Centre for Engineering Biology and School of Biological Sciences, University of Edinburgh, Edinburgh, United Kingdom.
Elife. 2023 Jul 7;12:e79812. doi: 10.7554/eLife.79812.
Much of biochemical regulation ultimately controls growth rate, particularly in microbes. Although time-lapse microscopy visualises cells, determining their growth rates is challenging, particularly for those that divide asymmetrically, like , because cells often overlap in images. Here, we present the Birth Annotator for Budding Yeast (BABY), an algorithm to determine single-cell growth rates from label-free images. Using a convolutional neural network, BABY resolves overlaps through separating cells by size and assigns buds to mothers by identifying bud necks. BABY uses machine learning to track cells and determine lineages and estimates growth rates as the rates of change of volumes. Using BABY and a microfluidic device, we show that bud growth is likely first sizer- then timer-controlled, that the nuclear concentration of Sfp1, a regulator of ribosome biogenesis, varies before the growth rate does, and that growth rate can be used for real-time control. By estimating single-cell growth rates and so fitness, BABY should generate much biological insight.
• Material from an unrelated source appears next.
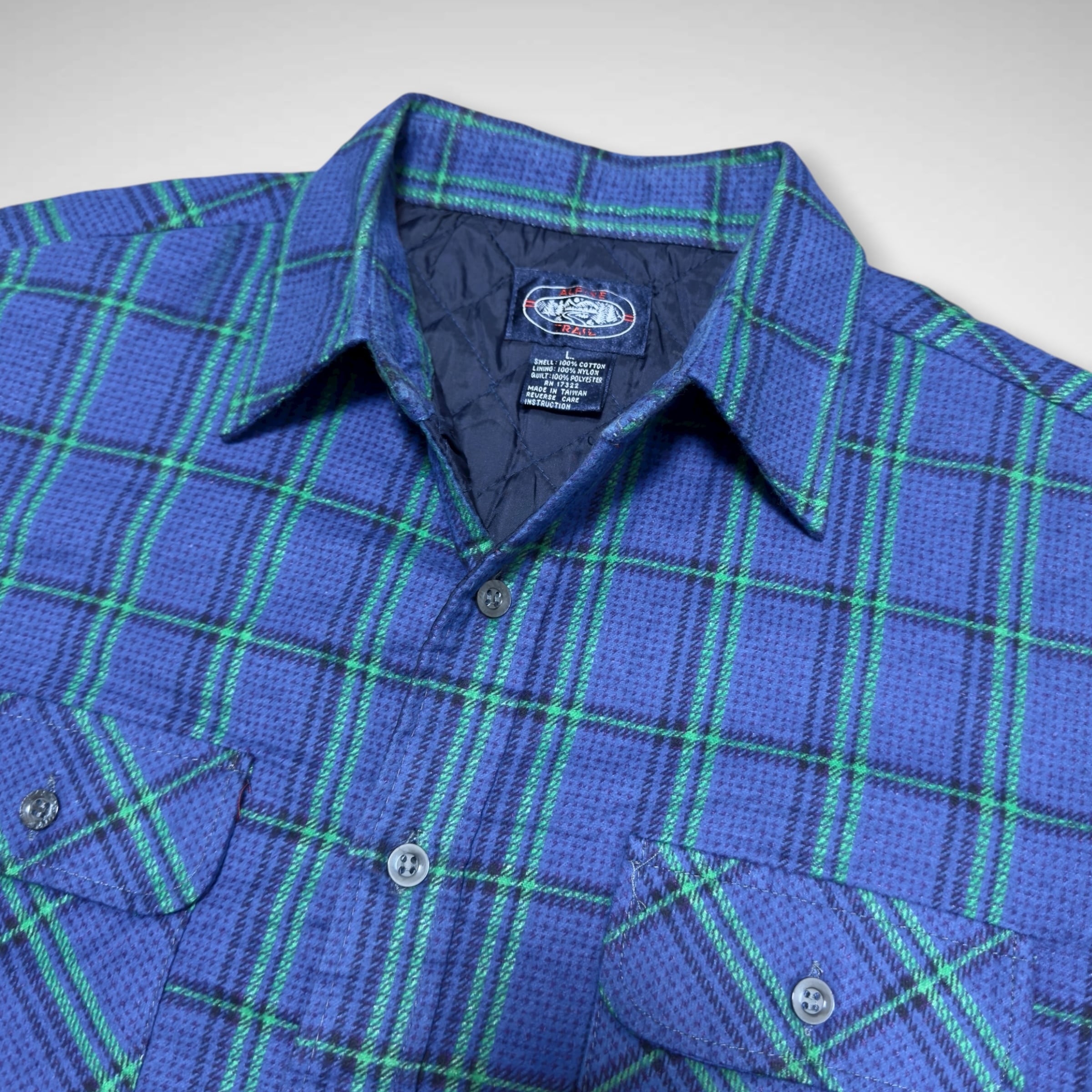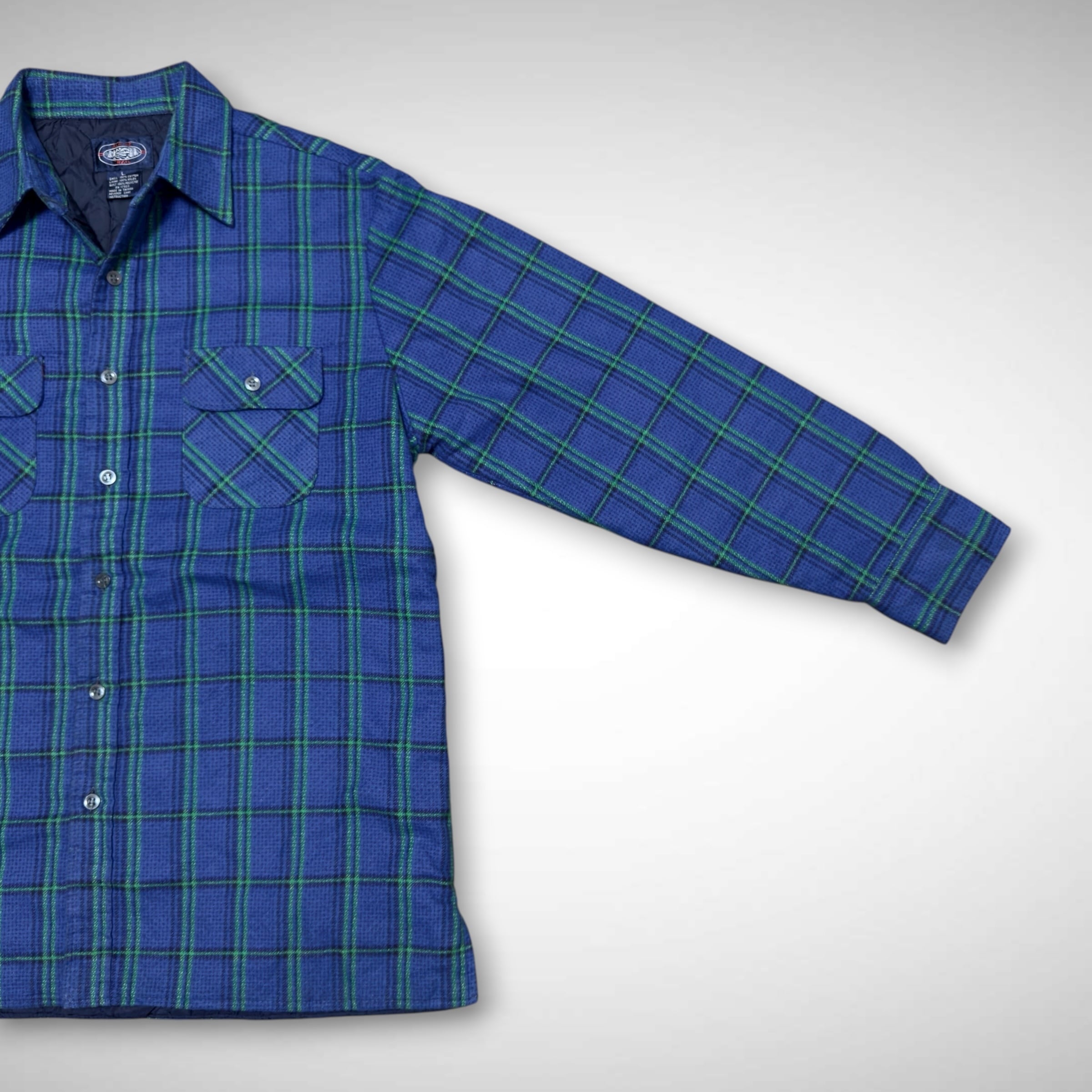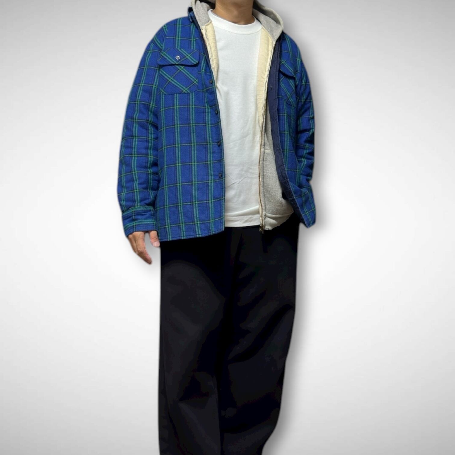 発色のいいブルーベースのカラーにグリーンがはいったチェック柄。薄手のキルティングなので、中にパーカーをいれてあげてライトアウター感覚でも着用できます。

生物化学调控在很大程度上最终控制着生长速度,尤其是在微生物中。尽管延时显微镜可以观察细胞,但确定其生长速度具有挑战性,特别是对于那些不对称分裂的细胞,如 ,因为细胞在图像中经常重叠。在这里,我们提出了用于出芽酵母的出生标注器(BABY),这是一种从无标记图像中确定单细胞生长速度的算法。BABY 使用卷积神经网络通过大小分离细胞,并通过识别芽颈将芽分配给母细胞,从而解决重叠问题。BABY 使用机器学习来跟踪细胞并确定谱系,并将体积变化率估计为生长速率。使用 BABY 和微流控装置,我们表明芽的生长可能首先是尺寸控制,然后是时间控制,核糖体生物发生调节剂 Sfp1 的核浓度在生长速率之前变化,并且生长速率可用于实时控制。通过估计单细胞生长速度和适应性,BABY 应该会产生更多的生物学见解。